Il est peu sage d’instituer des comparaisons entre des objets ou des faits qui ne sont pas essentiellement analogues, et on a si souvent défiguré Dieu en le faisant à l’image de l’homme que je me méfie de tous les emprunts faits à l’homme pour donner quelque idée de Dieu. Pourtant je ne puis oublier que Dieu a fait l’homme à son image, ni m’interdire absolument de rechercher, dans la nature ou la vie de l’homme, quelque ombre des traits de Dieu. Que se passe-t-il dans la famille humaine ? Le père et la mère assistent, en le dirigeant, au développement actif de l’enfant ; ils veillent sur lui avec autorité et tendresse ; ils donnent des règles à sa liberté sans l’abolir, et ils écoutent ses prières, tantôt les exauçant, tantôt s’y refusant, selon leur raison et dans la vue de son intérêt général et futur. L’enfant de son côté, sans préméditation, sans dessein, par l’instinct spontané de sa nature, reconnaît l’autorité et ressent la tendresse de ses parents : à mesure qu’il se développe, il leur obéit et leur résiste tour à tour, usant bien ou mal de sa liberté native ; mais à travers les troubles de sa volonté, il demande, il prie avec confiance, joyeux et reconnaissant quand il obtient de ses parents ce qu’il désire, prêt à demander et à prier encore, toujours avec confiance, quand il a été refusé. Tels sont les faits dans le naturel et bon gouvernement de la famille humaine.

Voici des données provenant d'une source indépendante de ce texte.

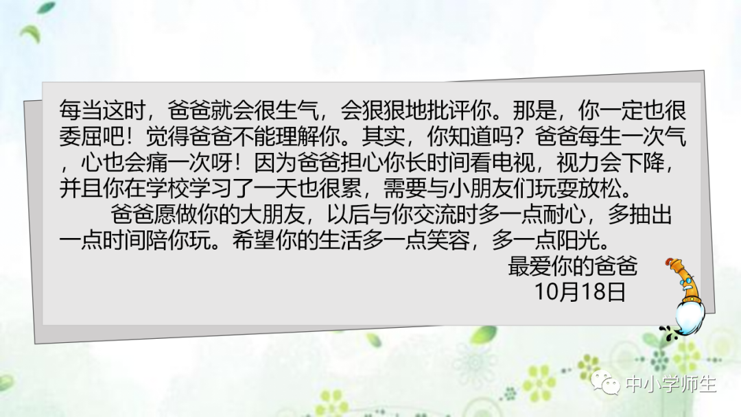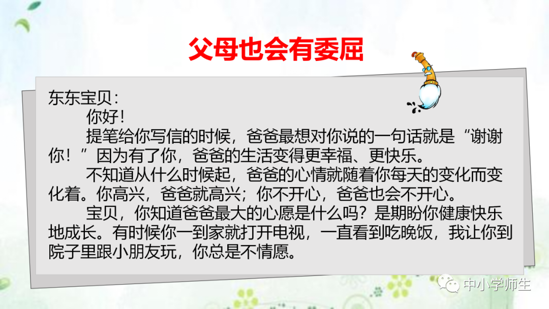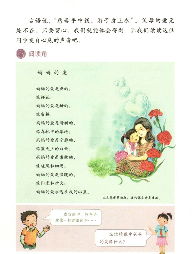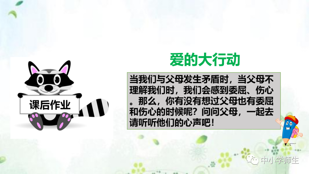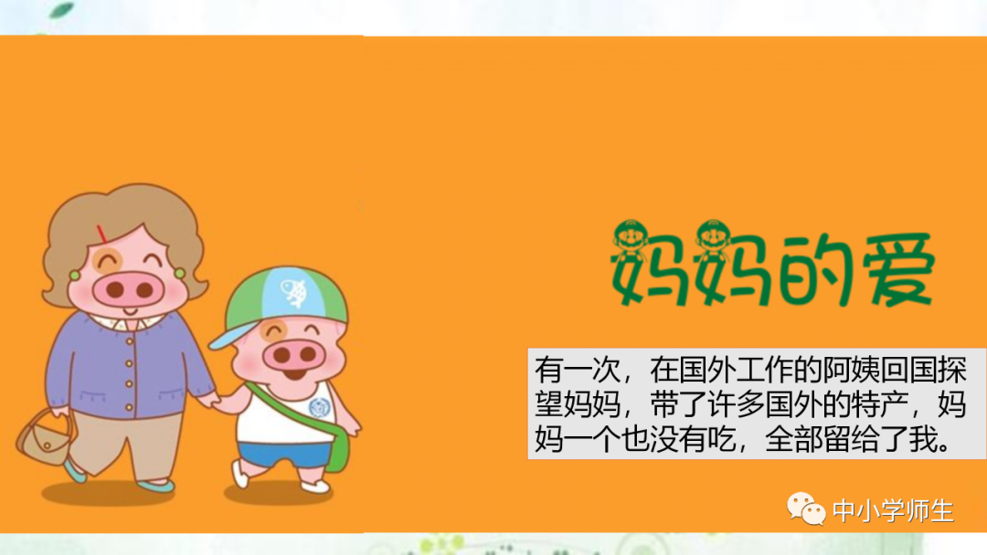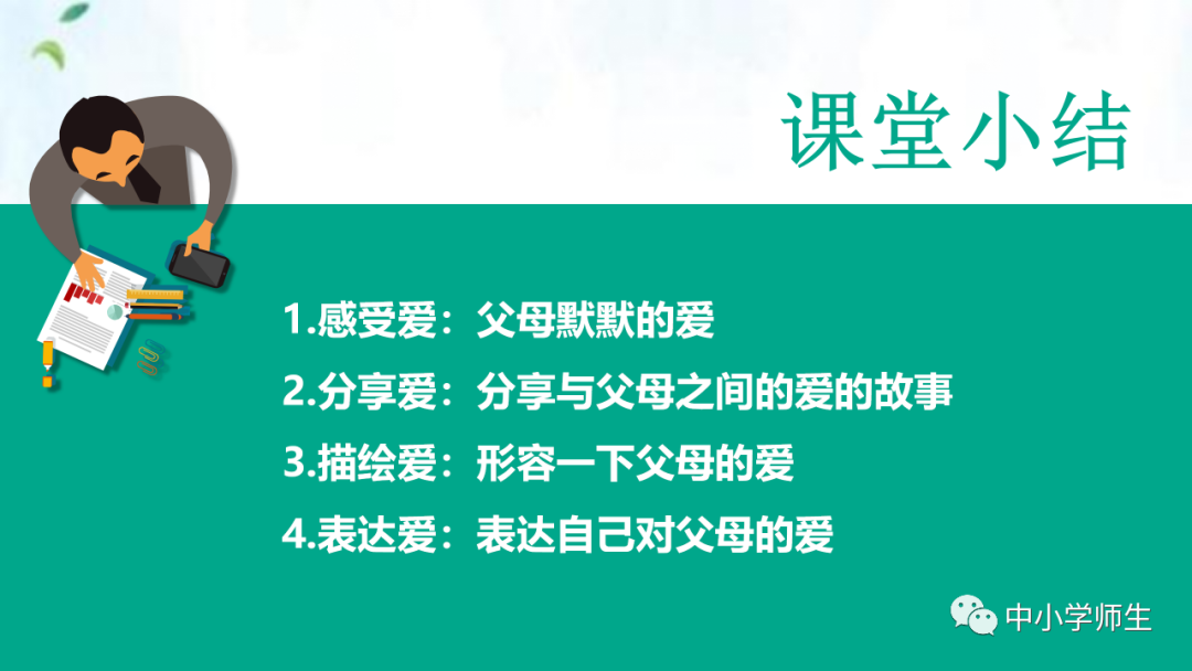 教师:父母为我们做的每一件看似普通的事,里面都藏着对我们的爱。你能发现这默默的爱吗?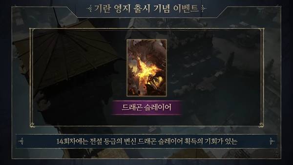 엔씨는 먼저 사전 예약 이벤트부터 소개했다. 사전 예약을 진행한 유저들은 '기란 영지 탐험 증표 아이템'을 사용해 출석 체크를 진행하면 다양한 보상을 받는다. 출석 체크를 14회차까지 진행하면 전설 등급의 변신 드래곤 슬레이어 획득의 기회가 있는 '희귀한 전설 변신 카드(이벤트)'를 제공한다.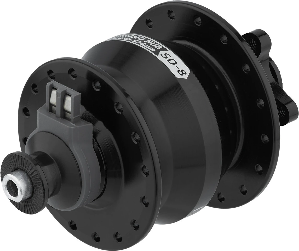 Der Shutter Precision SD-8 Disc 6-Loch Nabendynamo besteht aus zwei intelligent miteinander verbundenen Nabenhülsen, was für besondere Belastbarkeit sorgt, ohne die aufgeräumte Optik zu beeinträchtigen.

Ils sont l’image imparfaite mais vraie, l’ombre obscure et pourtant fidèle de la providence divine. C’est ainsi que la religion chrétienne qualifie et décrit l’action de Dieu dans la vie de l’homme. Elle montre Dieu toujours présent et accessible à l’homme, comme le père à l’enfant ; elle exhorte, elle encourage, elle invite l’homme à demander, à se confier, à prier Dieu. Elle réserve absolument la réponse de Dieu à la prière ; il exaucera ou refusera ; nous n’en pénétrerons point les motifs : « Les voies de Dieu ne sont pas nos voies ; » mais à la prière sans cesse renaissante le dogme chrétien lie constamment l’espérance : « Rien n’est impossible à Dieu. » Ce dogme est ainsi en pleine et intime harmonie avec la nature de l’homme ; en acceptant sa liberté il rend hommage à sa grandeur ; en lui offrant le recours à Dieu il pourvoit à sa faiblesse. Pour la science, il ne supprime pas le mystère qui ne saurait être supprimé ; mais, dans la vie, il résout, pour l’âme humaine, le problème naturel dont elle porte le poids.